An HMM-based automatic singing transcription platform for a sight-singing tutor
Thesis (MScEng (Electrical and Electronic Engineering))--Stellenbosch University, 2008.
A singing transcription system transforming acoustic input into MIDI note sequences is presented. The transcription system is incorporated into a pronunciation-independent sight-singing tutor system, which provides note-level feedback on the accuracy with which each note in a sequence has been sung. Notes are individually modeled with hidden Markov models (HMMs) using untuned pitch and delta-pitch as feature vectors. A database consisting of annotated passages sung by 26 soprano subjects was compiled for the development of the system, since no existing data was available. Various techniques that allow efficient use of a limited dataset are proposed and evaluated. Several HMM topologies are also compared, in analogy with approaches often used in the field of automatic speech recognition. Context-independent note models are evaluated first, followed by the use of explicit transition models to better identify boundaries between notes. A non-repetitive grammar is used to reduce the number of insertions.
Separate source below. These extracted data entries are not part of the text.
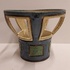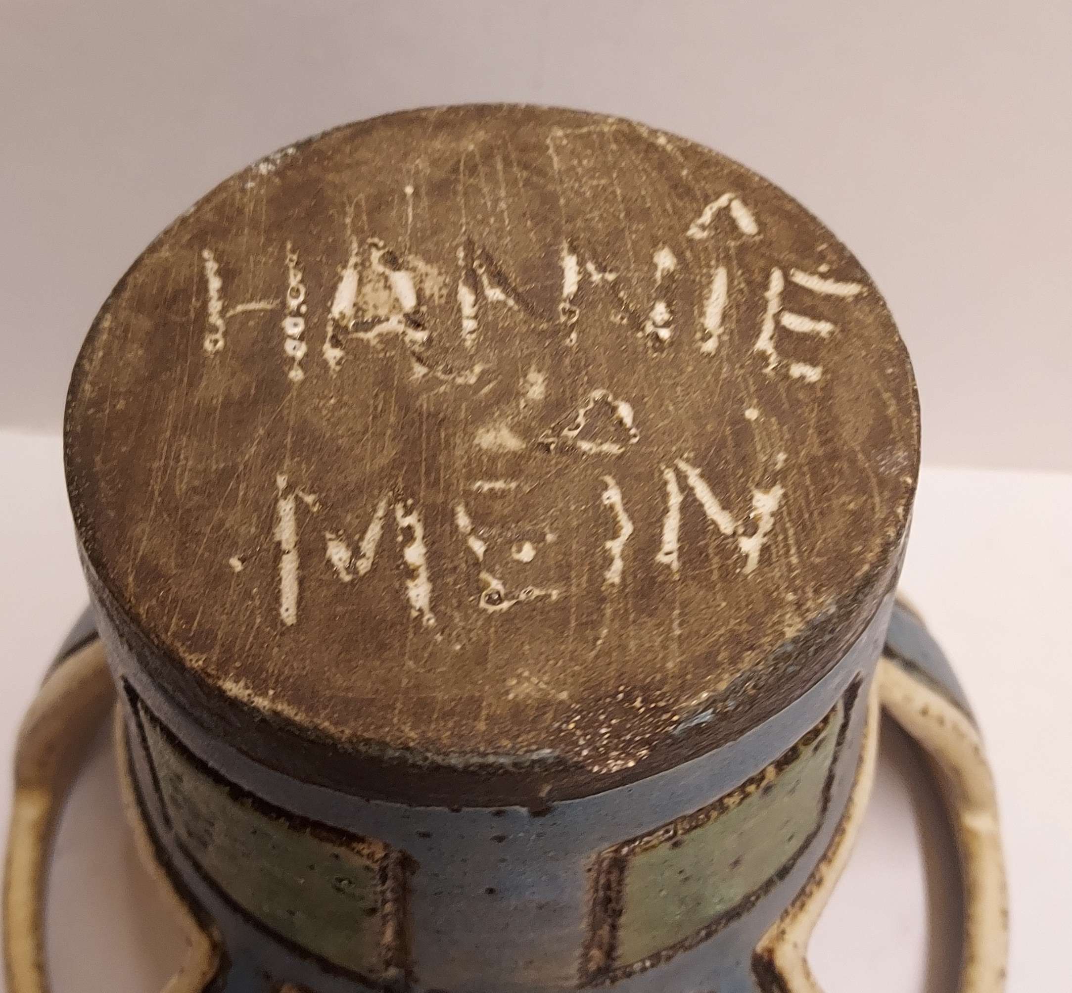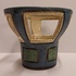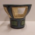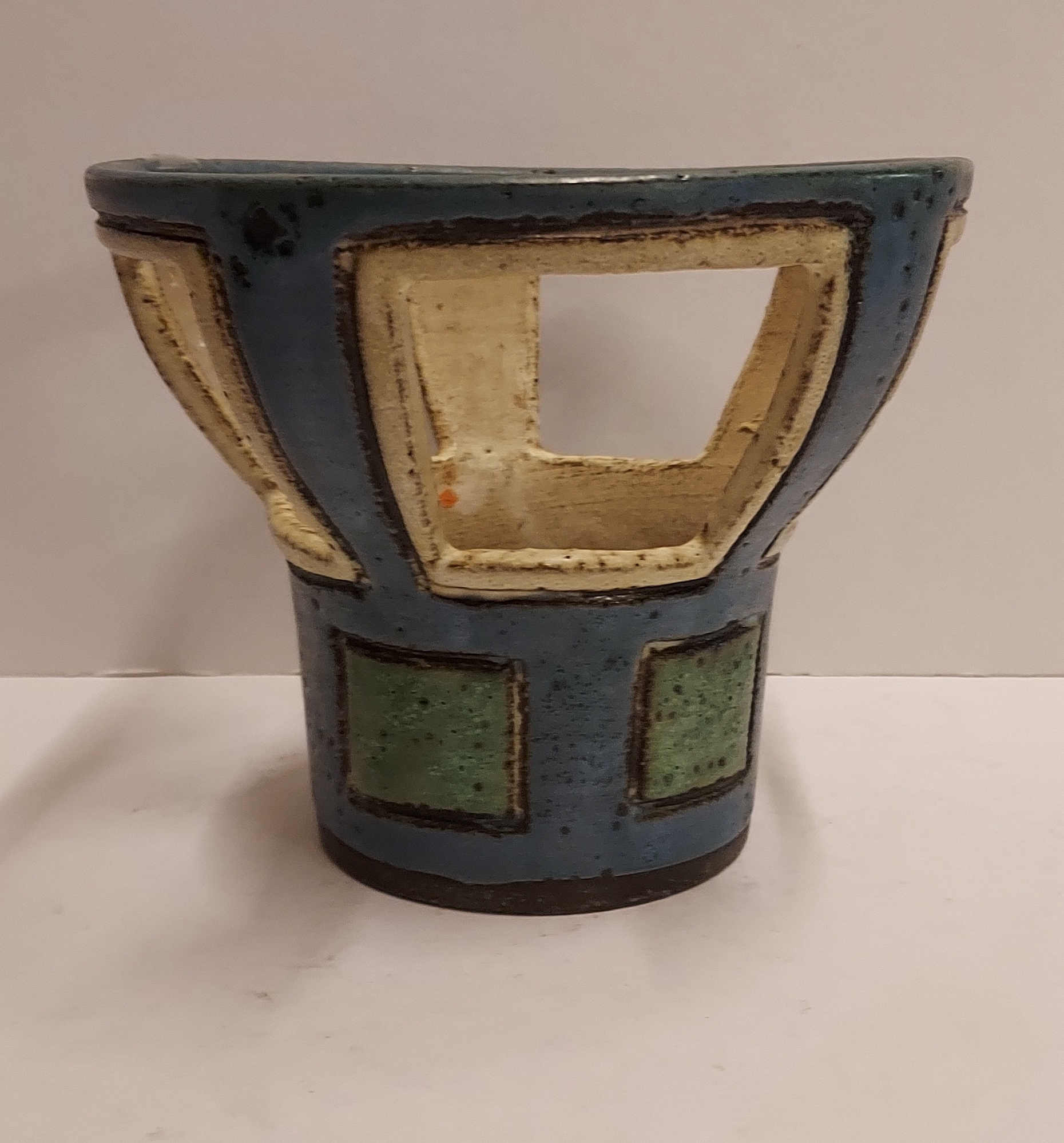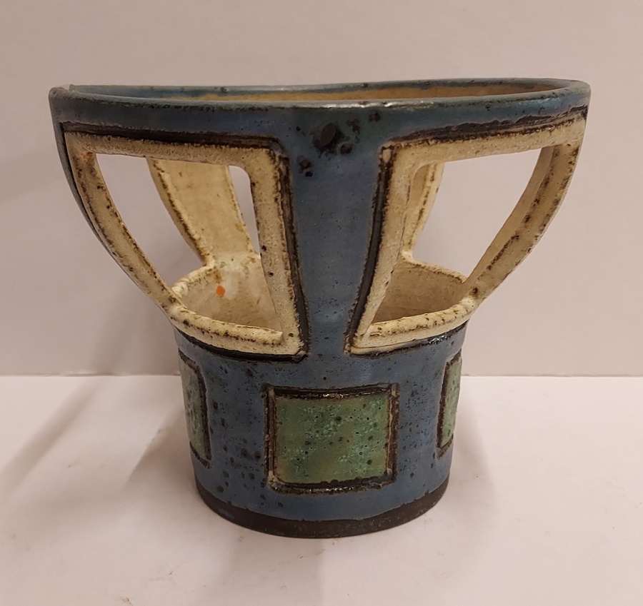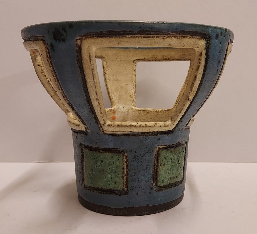 Vase with 3 open windows featuring cream and blue glaze and green panels. Fully signed on the bottom.
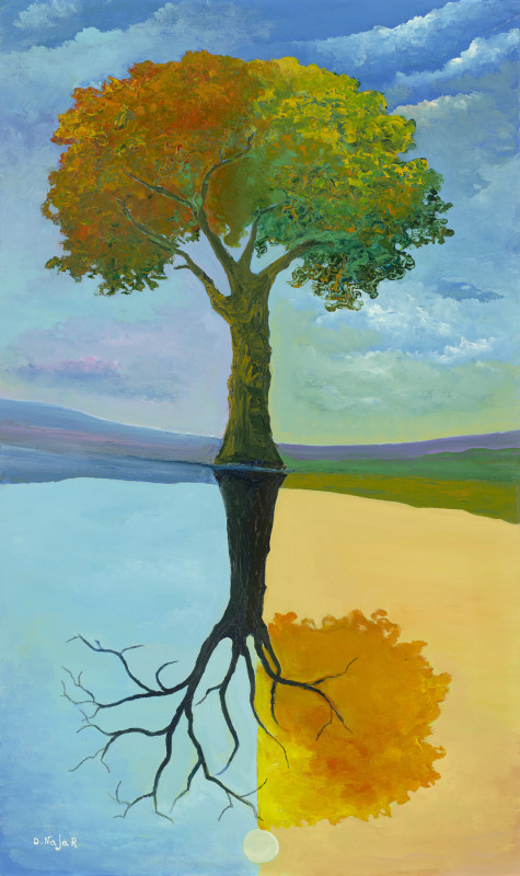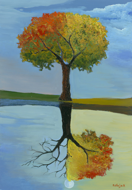 Najar says these works are among the first in his oeuvre that venture into the abstract, dancing the line between dream and reality. Najar says the idea originated when viewing a large tree outside of his studio. As Najar would paint, he noticed the tree changing throughout the four seasons. Through this observation, Najar saw a truth.
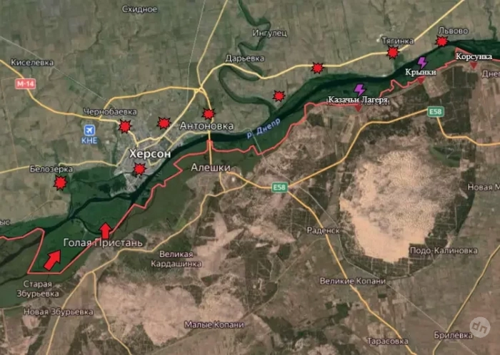Российские войска, по некоторой информации, осуществили захват опорного пункта ВСУ на одном из островов севернее Крынок. В интернете распространяется видео, демонстрирующее около десятка пленных со стороны противника, которые, как утверждается, были взяты в ходе боя штурмовой группой ВС РФ. Определить точное место съемки не представляется возможным, однако, как заявляется, взятый опорный пункт был задействован украинскими формированиями в ходе перебросок пехотных групп в Крынки и использовался как промежуточный хаб на пути к селу. На взятых позициях были обнаружены генераторы и спутниковые терминалы Starlink, что говорит о продолжительном присутствии противника на данном острове.
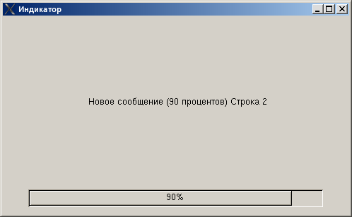 Особенность реализации индикатора заключается в том, что программа dialog получает данные через конвейер от кода, который заключён внутри круглых скобок. Есть два момента, на которые необходимо обратить внимание. Первый -- это обязательное использование переменной $COUNT. Именно из неё dialog/Xdialog считывает текущее значение индикатора. При этом желательно, чтобы значение переменной колебалось в диапазоне от 0 до 100. Второй -- это использование строк вида "XXX" в качестве ограничителей сообщения, выводящегося на экран (см. рисунок 9, 10)
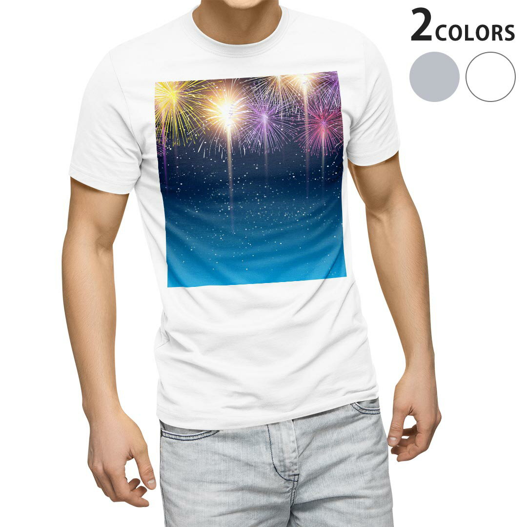 tシャツ メンズ 半袖 ホワイト グレー デザイン XS S M L XL 2XL Tシャツ ティーシャツ T shirt 013803 花火 カラフル
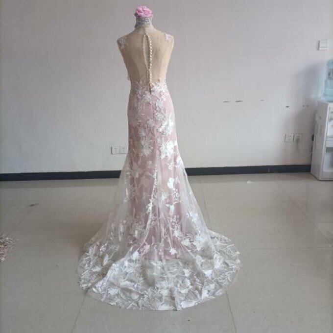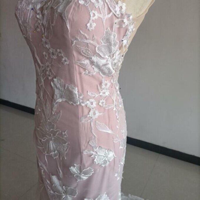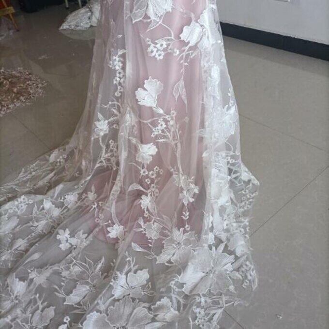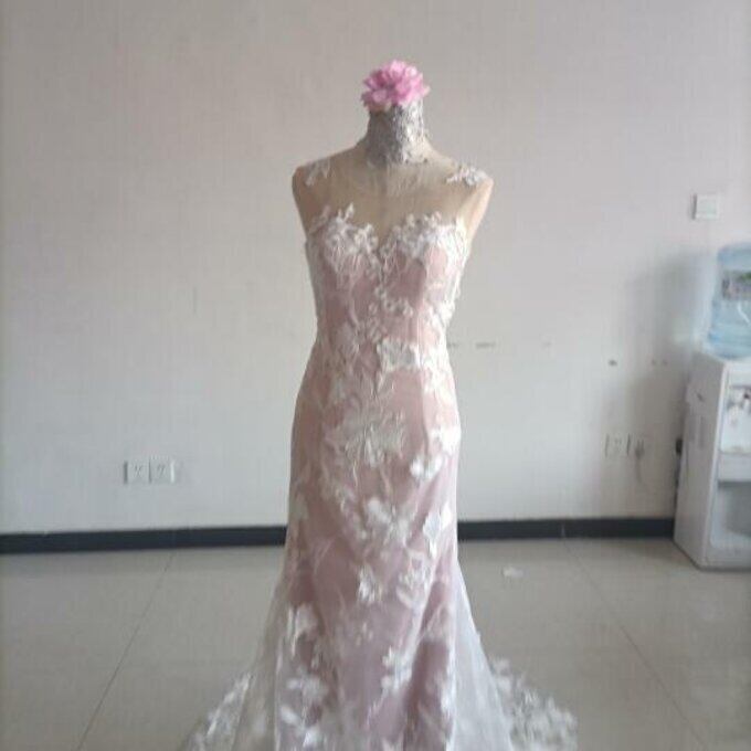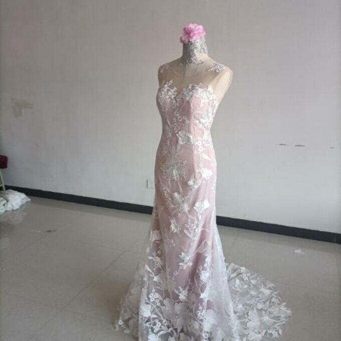 上品!豪華!薄ピンク カラードレス 贅沢な総レース フリルトレーン /結婚式/披露宴/ トレンド人気
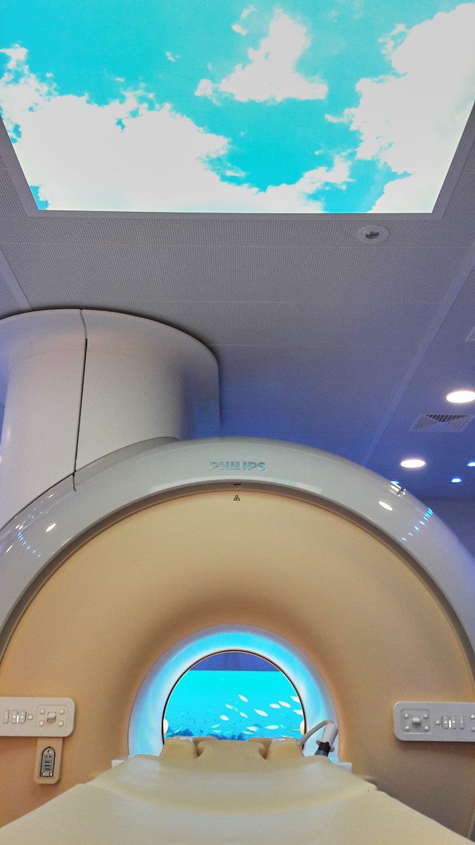 Wir bieten Ihnen eine innovative und einzigartige Lösung für dieses Dilemma. Mit einem virtuellen Dachfenster und dem neuesten Entertainmentsystem nehmen wir Ihnen die Angst vor der Enge des Raumes wobei die Röhre bereits einen komfortablen Durchmesser von 70cm aufweist. Während der Untersuchung wird Ihnen jederzeit der Fortschritt der Untersuchung in Echtzeit angezeigt. Außerdem können Sie eines von vielen Unterhaltungsprogrammen auswählen, das während der Untersuchung für Sie eingespielt werden soll.
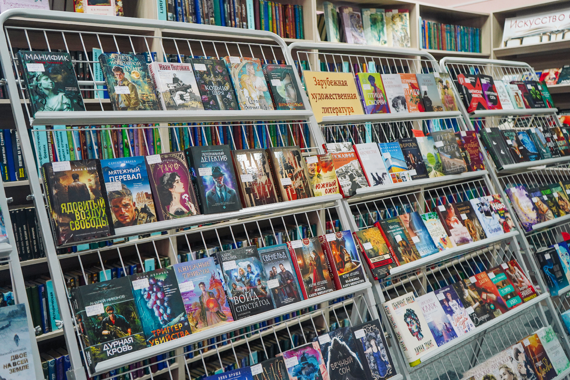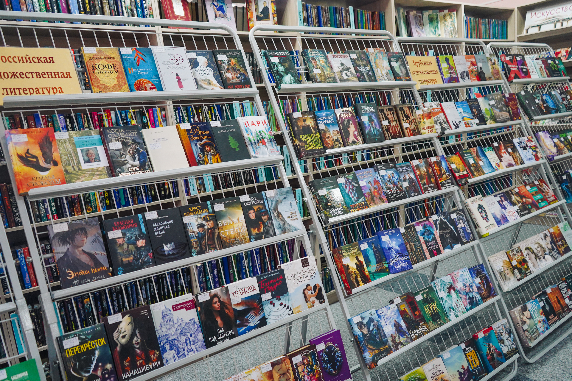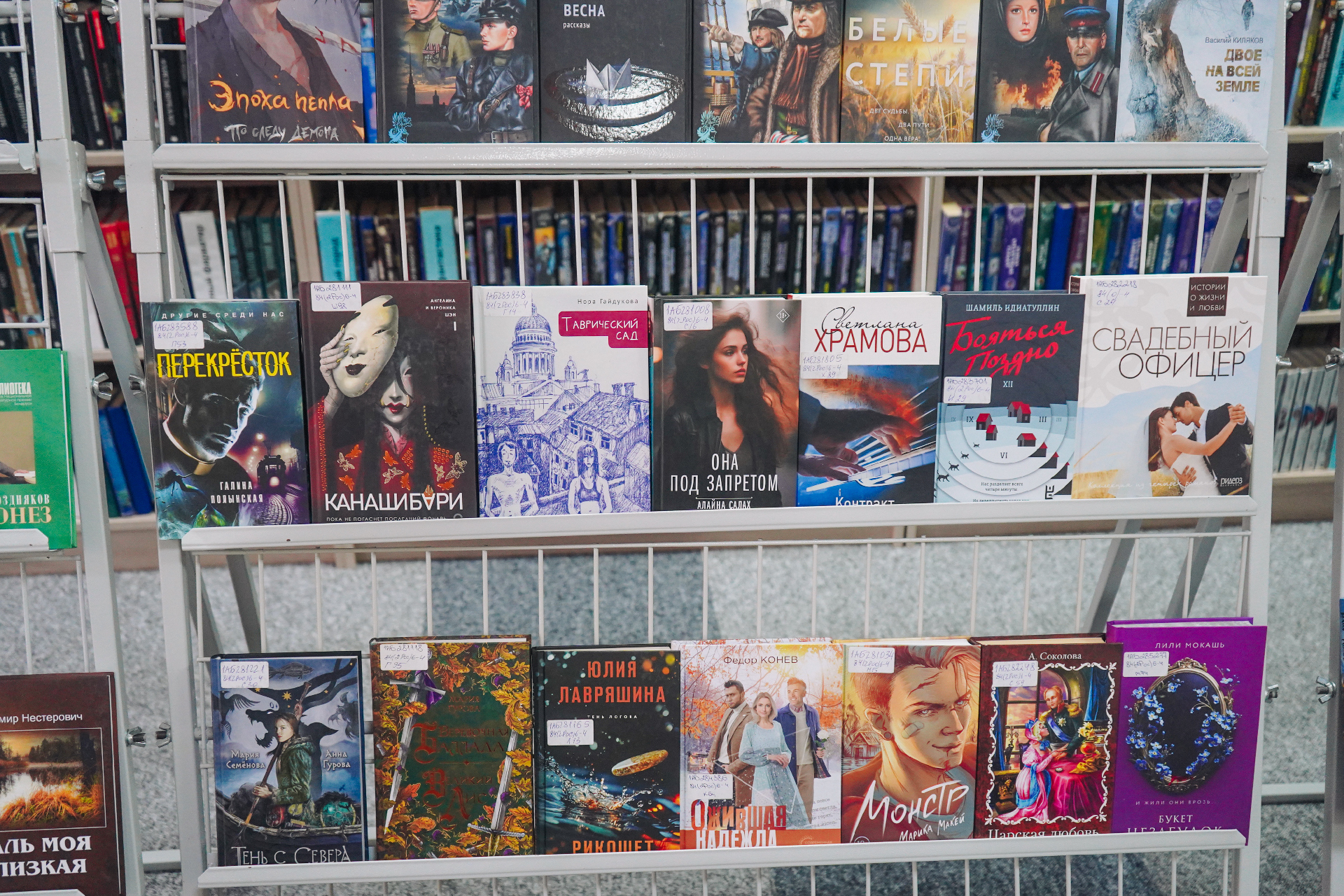 Новыя кнігі вельмі розныя і на любы густ. Гэта новыя дэтэктывы папулярных пісьменнікаў А. Тамонікава, Л. Мартавай, Л. Люцікавай, Е. Ветравай, Л. Собалевай, К. Лэкберг, М. Омера, В. Метаса, Д. Ліхэйна, Я. Галінскага; шмат фантастыкі Б. Канфельскага, М. Сямёнавай, А. Волгінай, В. Дж. Эндрус, Т. Пратчэта, М. Лаферці, Д. Сіманса, Дж. Арментроўта, Н. Стывенсана; жаночыя раманы Н. Аляксеевай, Е. Левашовай, Н. Міронінай, І. Валчок, Ф. Конева, М. Нуроўскай, С. Коч, К. Гувер, Кім Ынсук і іншых.

Context-dependent note models are then introduced, followed by context-dependent transition models. The aim in introducing context-dependency is to improve transition region modeling, which in turn should increase note transcription accuracy, but also improve the time-alignment of the notes and the transition regions. The final system is found to be able to transcribe sung passages with around 86% accuracy. Finally, a note-level sight-singing tutor system based on the singing transcription system is presented and a number of note sequence scoring approaches are evaluated.